Central Huijin Investment, an arm of China’s sovereign wealth fund, has boosted its stakes in the nation’s big four state-owned banks over the past six months, signaling Beijing’s continuing support for the key lenders. 

Between June 13 and Dec. 12, Huijin bought 179.46 million A shares in Agricultural Bank of China (01288.HK, 601288.CN), 175.45 million A shares in Industrial and Commercial Bank of China (01398.HK, 601398.CN), 102.8 million A shares in China Construction Bank Corp. (00939.HK, 601939.CN) and 112.76 million A shares in Bank of China (03988.HK, 601988.CN), according to regulatory filings from the lenders.

Huijin bought the shares through on-market purchases on the Shanghai Stock Exchange. Although the share purchases pushed up the Shanghai Composite Index only by 0.6 percent during the period, they provided crucial support for the A-share market when local investors’ confidence fell to the lowest point in late June due to a credit crunch in the banking sector. The benchmark index fell to as low as 1,950 points on June 27. On Monday, it closed at 2,160. 

The share purchases also came at a time when the global markets were fretting about uncertainties stemming from the expected scale-back of US quantitative easing measures. 

Global investors are now waiting to see if the Federal Open Market Committee will announce a tapering plan after a two-day policy meeting that ends on Wednesday. The Hong Kong stock market has been under pressure since last week due to speculation that the Fed will soon start reducing its debt purchases. If the taper indeed begins, Huijin could announce a new round of share purchases to support Chinese stocks, observers say.

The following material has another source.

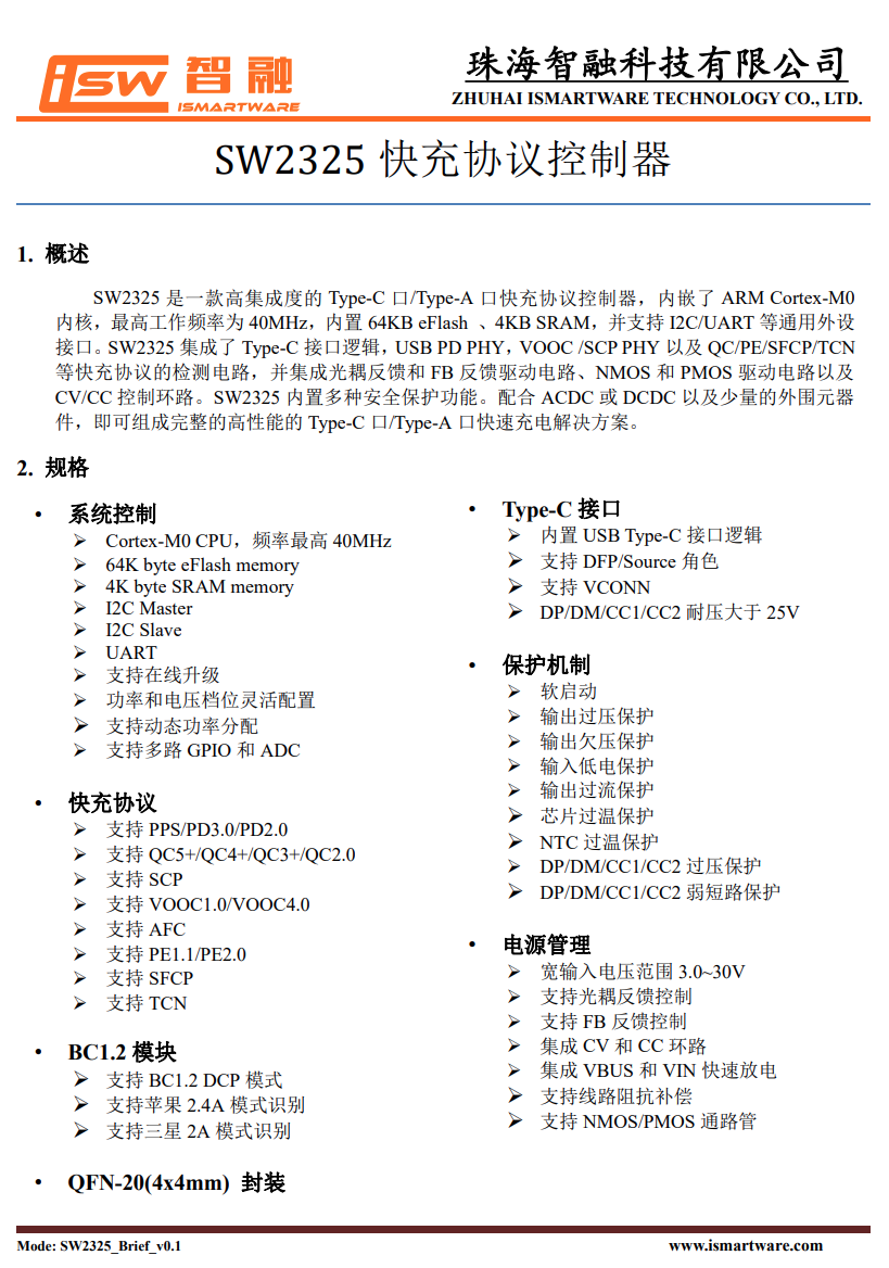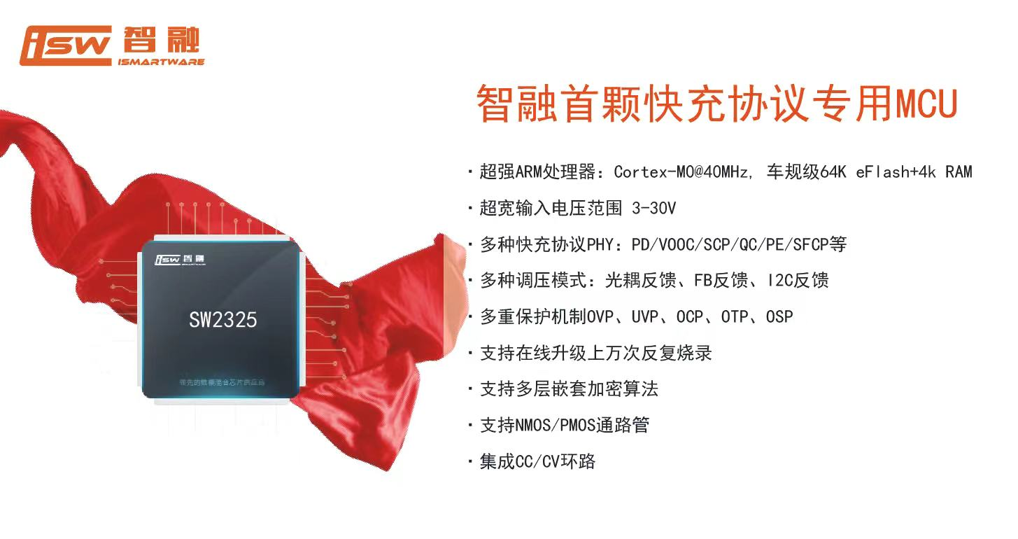 SW2325是智融首顆快充協議專用MCU,內置ARM Cortex-M0處理器,運行頻率40MHz,內置車規級64K eFlash+4K RAM。支持3-30V超寬輸入電壓范圍。支持PD/VOOC/SCP/QC/PE/SFCP等快充協議。支持光耦反饋,FB反饋和I2C反饋三種調壓方式,適配車充,充電器等應用。SW2325支持多重保護功能,支持在線升級,支持多層嵌套加密算法,支持NMOS或PMOS通路管,集成CC/CV環路,功能強大且全面。

China eases access for financial leasing firms

China’s banking watchdog has eased regulations on financial leasing firms to allow them to expand their business and establish units under a trial scheme, Xinhua news agency reported Monday, citing Li Jianhua, director of the regulator’s non-bank financial institutions supervision department. The new rules cover qualified commercial banks, domestic manufacturing firms, overseas leasing firms and overseas financial institutions. They will be allowed to invest in fixed-income securities and hold at least 30 percent of the units. 

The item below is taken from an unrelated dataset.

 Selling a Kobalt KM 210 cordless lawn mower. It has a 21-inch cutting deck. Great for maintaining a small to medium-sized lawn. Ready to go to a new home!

New Third Board said to accept new listing applications soon

China’s New Third Board will begin accepting listing applications from domestic companies before the year is out, Shanghai Securities News reported Tuesday, citing a source from the exchange operator. The National Equities Exchange and Quotations Co. Ltd. is fine-tuning trading rules for the expansion of the share transfer system designed to help small and medium-sized enterprises raise money from the market, the source was quoted as saying. Previously, only technology firms in certain science and technology parks were allowed to list their shares on the board.